Cluster Labels: Each distinct cluster is typically labeled directly on the plot (e.g., "1 - 54" indicates Cluster 1 containing 54 points).
Legend: A legend maps the colors back to the cluster IDs.
Algorithm Information: Text above the plot often specifies the clustering method used (e.g., Louvain) and may mention specific details, such as how outliers are handled (e.g., designated cluster "100").
Silhouette Score: An average silhouette score might be displayed, providing a metric for how well-separated the clusters are (values range from -1 to +1, higher values indicate better clustering).
How to Interpret
Identify Groups: Use the colors and labels to clearly see the distinct groups identified by the clustering algorithm within the t-SNE map.
Evaluate Clustering: Compare the automatically identified clusters to any visual patterns you observed in the standard t-SNE plot or based on known grouping variables. The silhouette score gives a quantitative measure of cluster separation.
Foundation for Further Analysis: These cluster assignments form the basis for the analyses performed in the Dataset Analysis tab, which examine the characteristics of these groups using the original high-dimensional data.
This view displays the t-SNE plot where samples are colored based on the clusters identified by the algorithm you selected in the setup (e.g., Louvain, Hierarchical).
Visualization: Each point represents a sample, colored according to its assigned cluster ID. This helps you clearly visualize the groups found by the clustering method within the t-SNE map.
Silhouette Score: A description above or near the plot usually includes the average silhouette score for the clustering result.
This score measures how similar each sample is to its own cluster compared to other clusters.
Values range from -1 to +1.
A high value (closer to +1) indicates that samples are well-matched to their own cluster and poorly matched to neighboring clusters, suggesting well-defined, distinct clusters.
Values near 0 indicate overlapping clusters.
Negative values generally indicate that samples might have been assigned to the wrong cluster.
Download: You can download this plot as an SVG file or right-click to save it as a PNG directly from PANDORA.

This view helps you understand the characteristics of the clusters identified in the Clustered t-SNE Analysis by examining the original data features (variables).
Visualization: Displays a plot (often a grouped bar plot) titled "Mean Values of Features by Cluster".
The X-axis represents the different clusters identified by the clustering algorithm.
The Y-axis represents the mean value of each feature within a specific cluster (often after scaling/centering if applied during preprocessing).
Within each cluster on the X-axis, there are multiple bars, each representing a different original feature, colored according to the legend.
Interpretation: Compare the heights of the bars for the same feature (same color) across different clusters.
Features with significantly higher or lower mean values in one cluster compared to others are potential biomarkers or distinguishing characteristics of that cluster.
For example, if the pink bar (representing
nasal_foldchange_go.0070498) is much higher in Cluster 1 than in Clusters 2 and 3, it suggests this feature has a high average value specifically in the samples belonging to Cluster 1.

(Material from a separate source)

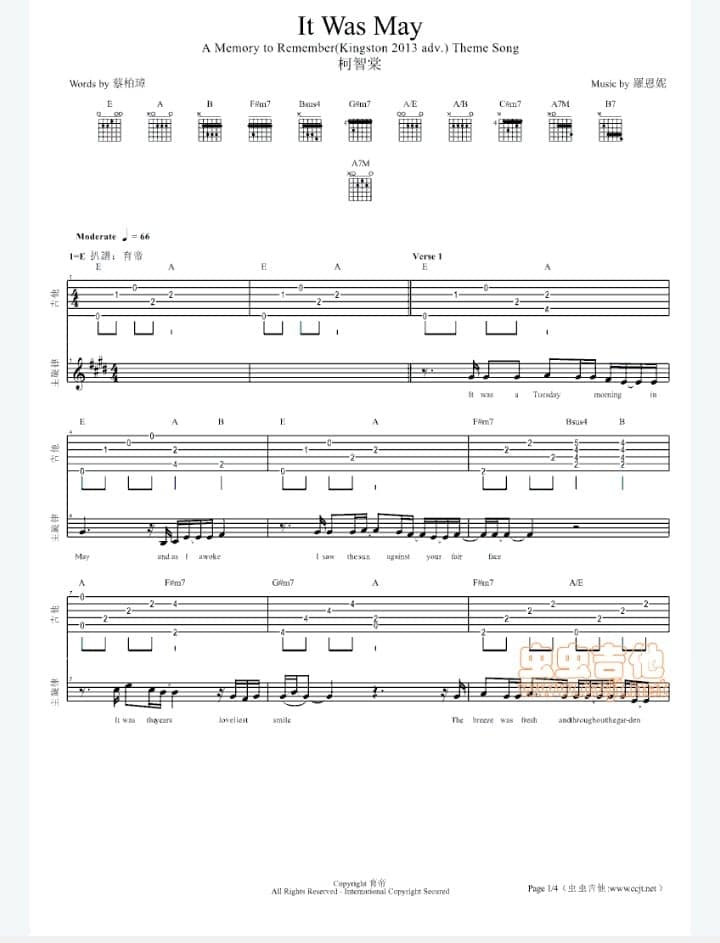 《It was may吉他譜_柯智棠_E調(diào)和弦TXT吉他譜》是由著名內(nèi)地歌手 柯智棠 演唱的《It was may》歌曲()編配,節(jié)拍4/4,吉他譜123免費(fèi)提供《It was may》完整文本TXT吉他譜(E調(diào)/和弦彈唱譜),此曲譜收錄于2018年01月。

This view allows you to compare the relative levels of original features across the different clusters identified in the Clustered t-SNE Analysis, typically represented as fold changes.
Visualization: Displays a plot, often titled "Fold Change of Features Across Clusters".
The Y-axis lists the identified clusters.
The X-axis represents the fold change value (often on a log scale).
For each cluster, a bar is shown composed of colored segments. Each segment corresponds to an original feature, with its color defined by the legend.
Interpretation:
The position of a colored segment along the X-axis for a given cluster indicates the fold change of that feature in that cluster compared to a baseline (e.g., compared to the average across all other clusters).
Segments extending to the right (positive fold change) indicate features that have higher average values in that specific cluster compared to the baseline.
Segments extending to the left (negative fold change) indicate features that have lower average values in that specific cluster.
The magnitude of the fold change is represented by how far the segment extends along the X-axis.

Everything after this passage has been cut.